The Dymock Arms has been a location I've passed many times. Recently fencing has been placed around the entrance which leads me to believe the site may be demolished or hopefully rebuilt soon. Passing on a Sunday bike ride I took the opportunity to explore further although id highly suggest not exploring in full bike gear due to it being highly impractical.

Situated on the main road in a small welsh village i'm surprised nothing has happened with the building sooner, cries for renovation have gone unheard from the locals multiple times.

Being a fairly small site I circled the building to look for an access point, the building is securely nailed down (minus the obvious missing roof). I think the condition of the building is testament to the local area and the people who live there, on the site you will find no graffiti or extra damaged caused and even the shed in the rear still contains barrels and boxes.

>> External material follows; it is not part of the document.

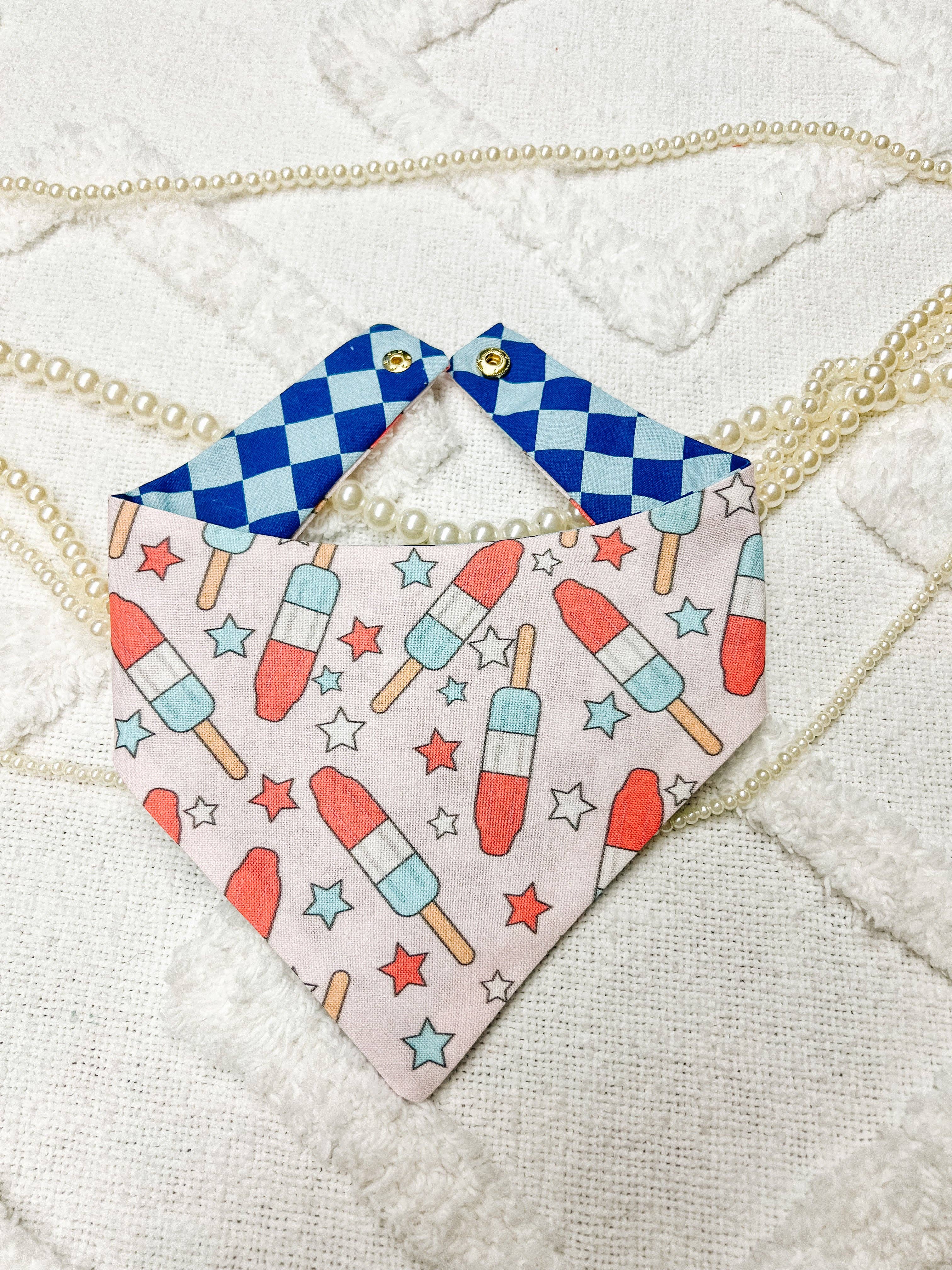 Our Over The Collar bandana comes in five sizes. It features a pocket that your dog’s collar slips through. Each bandana is handmade and measurements can vary up to ½ inch. This bandana is single sided to reduce bunching. Design may be straight across or diagonal depending on inventory. Cats generally wear a Xsmall Recommended Bandana Size Based On Collar Length Xsmall: 8" - 12" Small: 11" - 15" Medium: 15" - 18" Large: 18" - 22" Xlarge: 21" + Main listing photo is a size Medium. Prints vary, and small bandanas will feature less of the print than large bandanas. Care Instructions: -Machine wash cold -Lay flat to dry or tumble dry low -Iron and starch for extra awesome bandana power!

Peering through a side door you can see the stripped back interior with the remains of a fire place, next to this entrance is a staircase that leads up to the upper floor of the building, presumably once a fire escape/rear entrance.

A fairly small and quick explore but one I don't regret!

*More photos at:* www.UrbanX.co.uk


----------



## smiler (May 4, 2015)

Nicely Done, I enjoyed it, Thanks


----------



## UrbanX (May 5, 2015)

Nice one, thanks for sharing!


----------



## flyboys90 (May 5, 2015)

It's sad but there goes another pub,brill shots thanks for sharing.


----------